→ RECORDS FOR THIS TASK
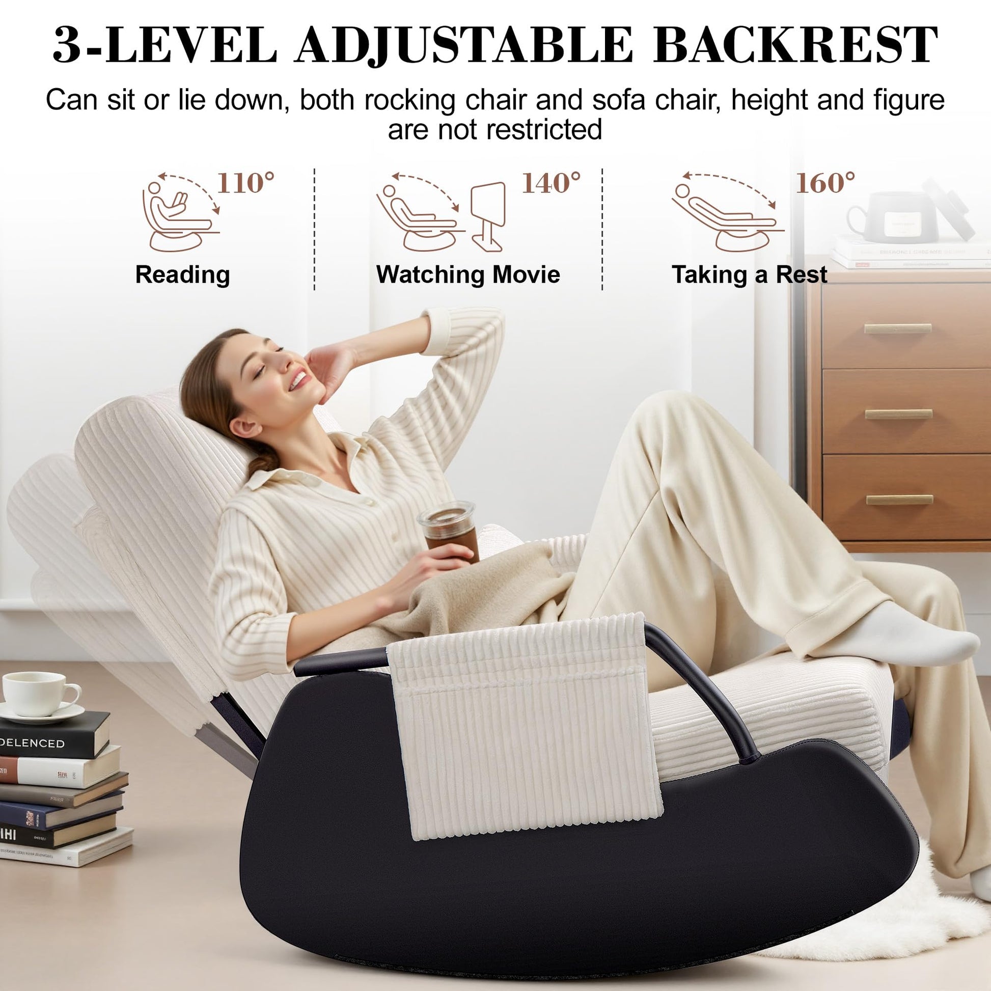 - ๐๐ข๐๐ ๐๐๐๐ญ & ๐๐๐ฃ๐ฎ๐ฌ๐ญ๐๐๐ฅ๐ ๐๐๐๐ค๐ซ๐๐ฌ๐ญ&๐๐ก๐จ๐ฎ๐ ๐ก๐ญ๐๐ฎ๐ฅ ๐๐๐๐๐ฌ๐ฌ๐จ๐ซ๐ข๐๐ฌ: This nursery rocking chair measures 24.8"D x 24.8"W x 31.5"H, offering plenty of room to relax. The 110ยฐโ160ยฐ adjustable backrest lets you sit upright for reading, recline for nursing, or nap in comfort. Includes a plush pillow, space-saving retractable footrest, and side pockets to keep essentials close while maximizing comfort and functionality
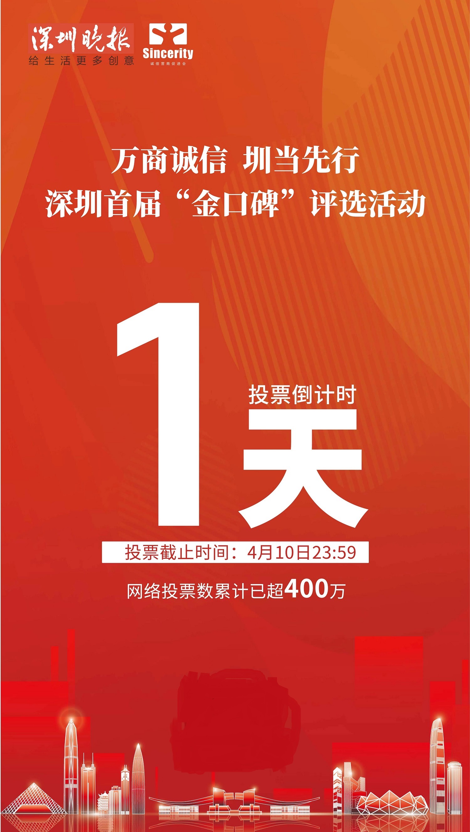 “金口碑”网络投票,通过“深圳晚报”“深圳市诚信营商促进会”微信公众号开展,市民可关注“深圳晚报”官方微信公众号,后台回复“金口碑”,即可参与投票;也可关注“深圳市诚信营商促进会”微信公众号,通过“金口碑奖-海选榜”进行投票。据统计,线上投票截至4月9日,投票人数累计超过400万票,其中企业投票数超过258万票、商户投票数超过151万票。
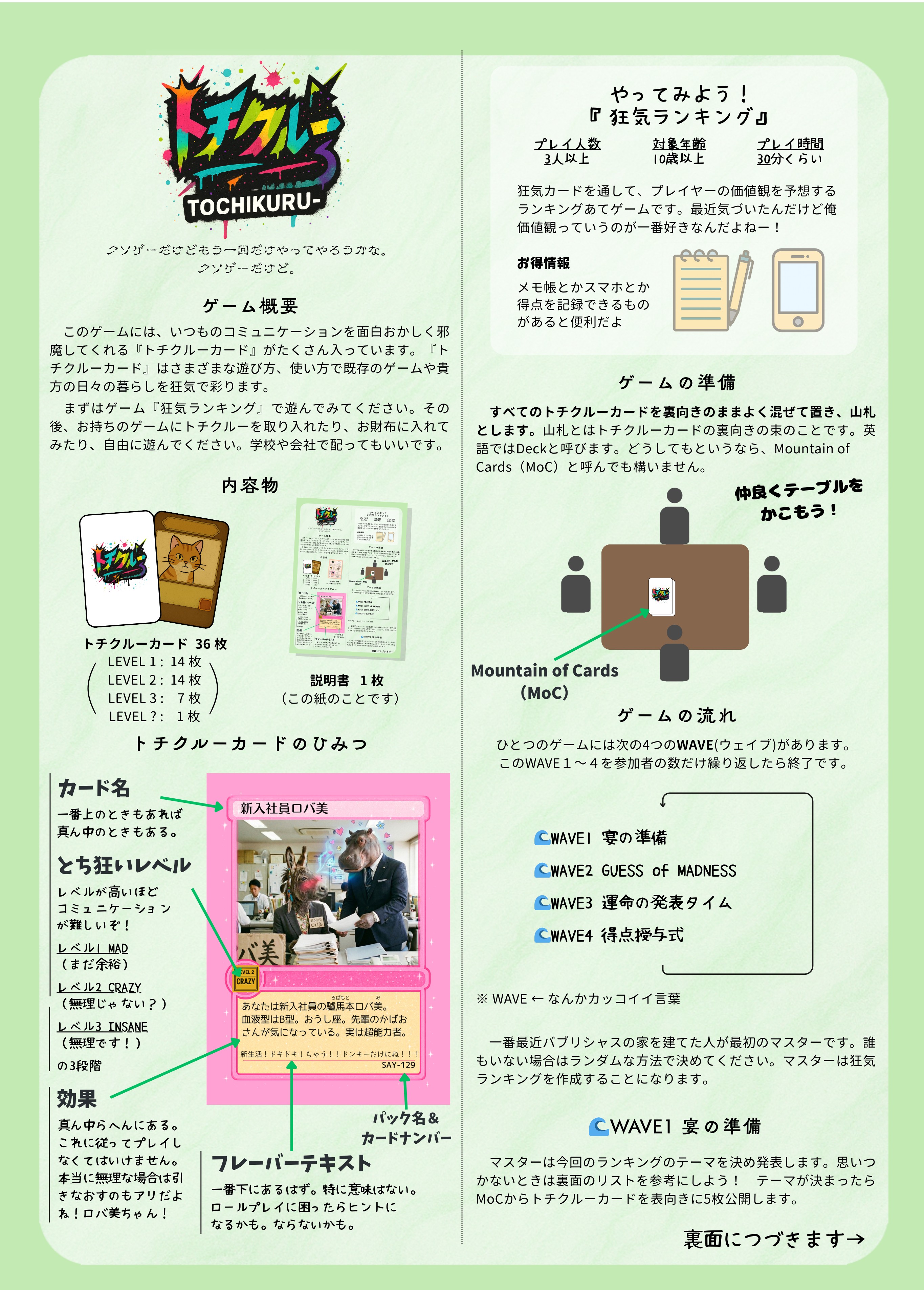 『トチクルーカード』はさまざまな遊び方、使い方で既存のゲームや貴方の日々の暮らしを狂気で彩ります!!
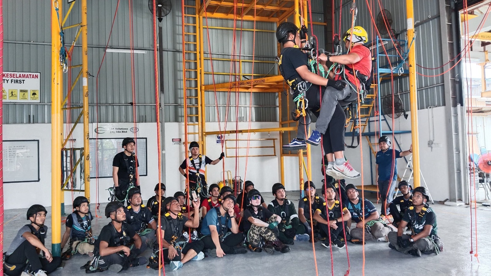 The Rope Access Course is a sponsored program under Yayasan Hasanah with a grant amounting to RM227,000. In early January 2025, UMK Holdings conducted a participant selection session that received an overwhelming response from three East Coast states, namely Kelantan, Terengganu, and Pahang. However, only 26 participants were selected to join the course. Participants are required to attend classes for two (2) months, from February to March, and the On Job Training (OJT) will take place in April 2025.
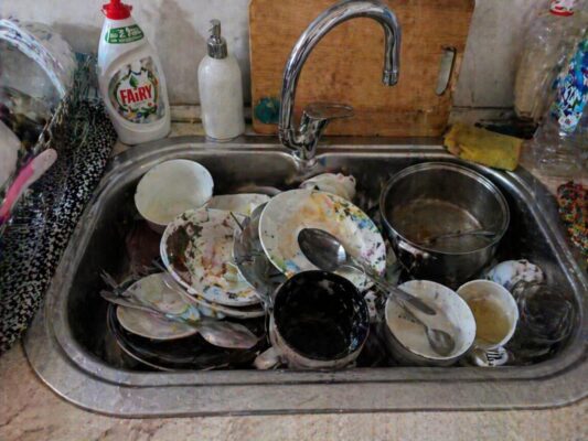 Вона зайшла на кухню, і всередині в неї все стислося. У раковині височіла гора брудних тарілок. Масні миски із залишками соусу, чашки з темним нальотом, каструля, до якої присохла каша
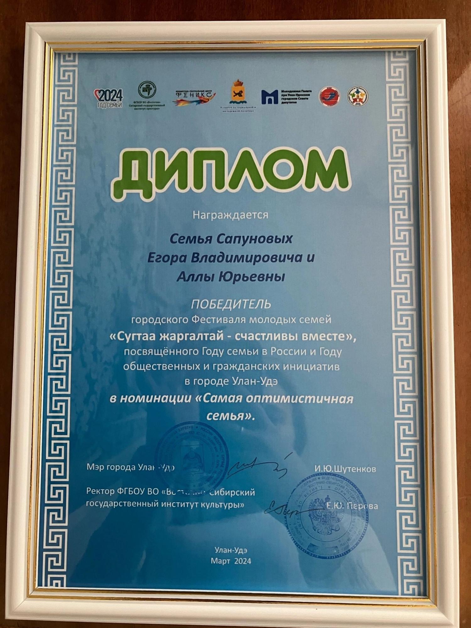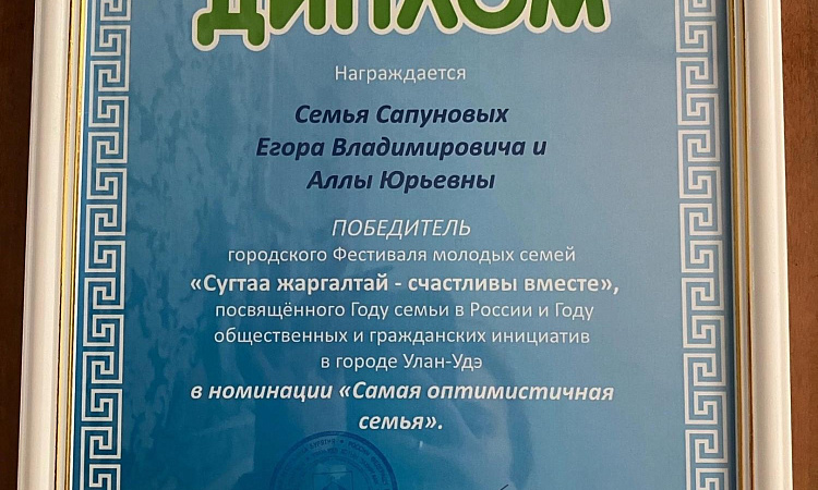 В номинации «Самая оптимистичная семья» награду получила молодая семья Сапуновых, Егор и Алла. Приз получали мама – студентка Улан-Удэнского колледжа железнодорожного транспорта, с дочкой – Аделиной, папа – военнослужащий, сейчас находится на СВО.
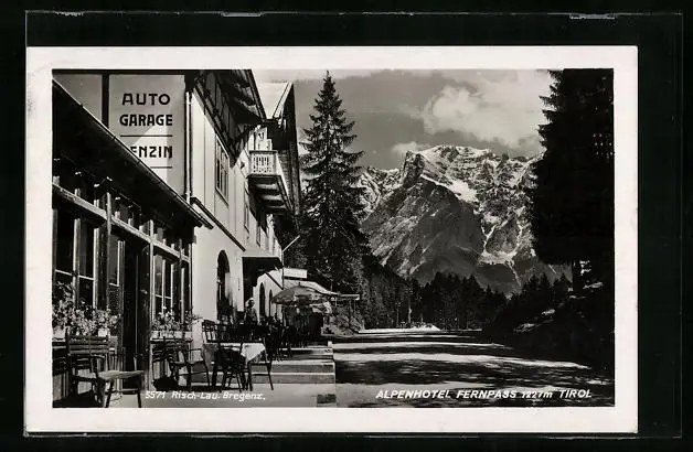 AK Fernpass, Alpenhotel Fernpass mit Terrasse
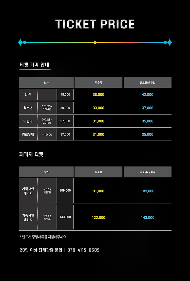 주의사항: 할인 대상자(청소년, 경로우대 등)는 생년 확인 가능한 증빙서류 필수 지참. 미지참 시 정가 차액을 현장에서 납부해야 합니다.
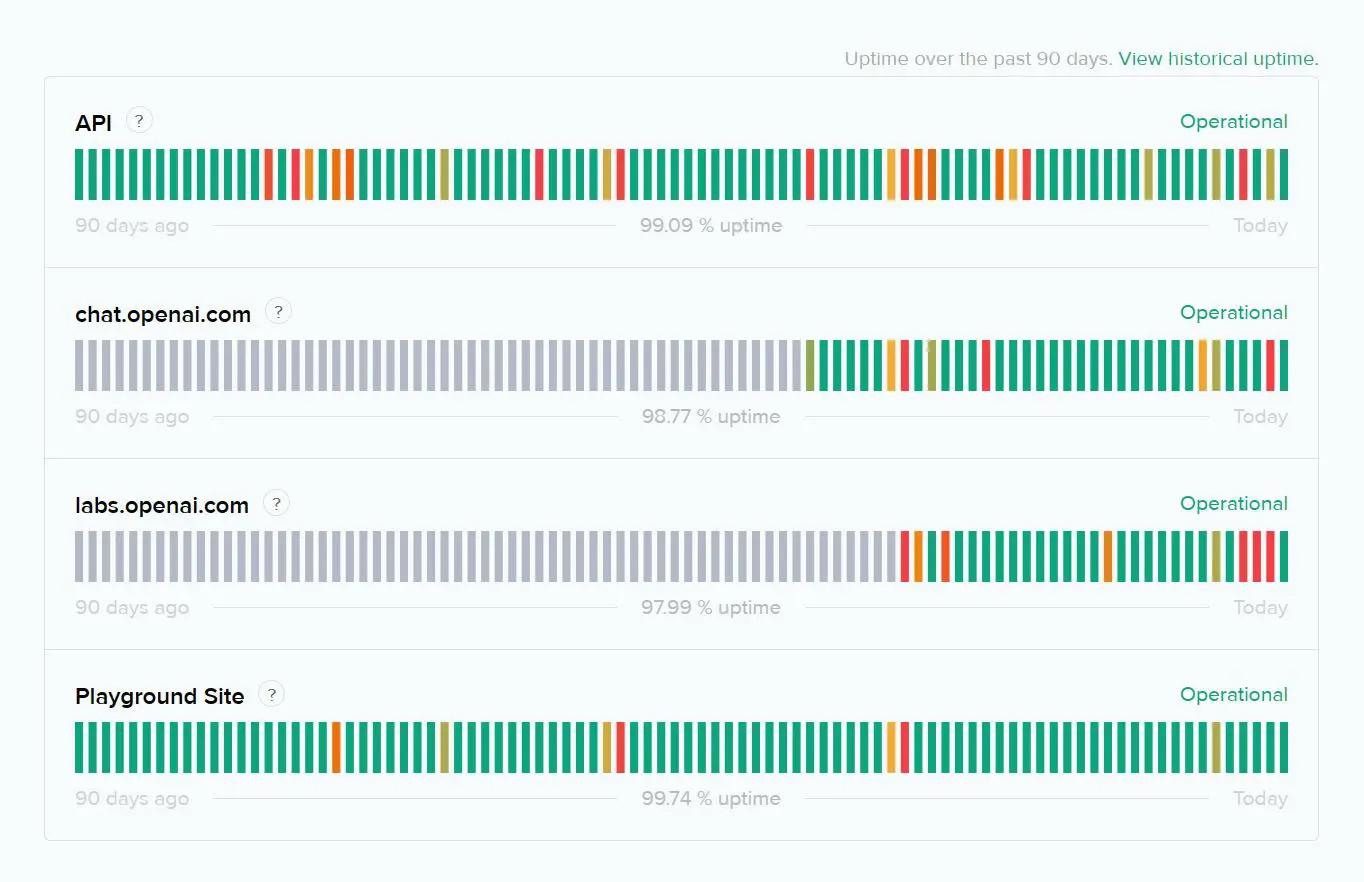 OpenAI worstelt regelmatig met de capaciteit van ChatGPT omwille van de populariteit van de dienst. Je kan op de historiekpagina zien dat vooral de API het regelmatig moeilijk heeft om alle vragen af te handelen.

→ WHAT TO DO
Transcribe the lines that run from the line bearing "주의사항: 할인 대상자(청소년, 경로우대" through the last line of the data. Keep the wording exact and leave out every picture.

→ THE COMPLETED TASK
 주의사항: 할인 대상자(청소년, 경로우대 등)는 생년 확인 가능한 증빙서류 필수 지참. 미지참 시 정가 차액을 현장에서 납부해야 합니다.
 OpenAI worstelt regelmatig met de capaciteit van ChatGPT omwille van de populariteit van de dienst. Je kan op de historiekpagina zien dat vooral de API het regelmatig moeilijk heeft om alle vragen af te handelen.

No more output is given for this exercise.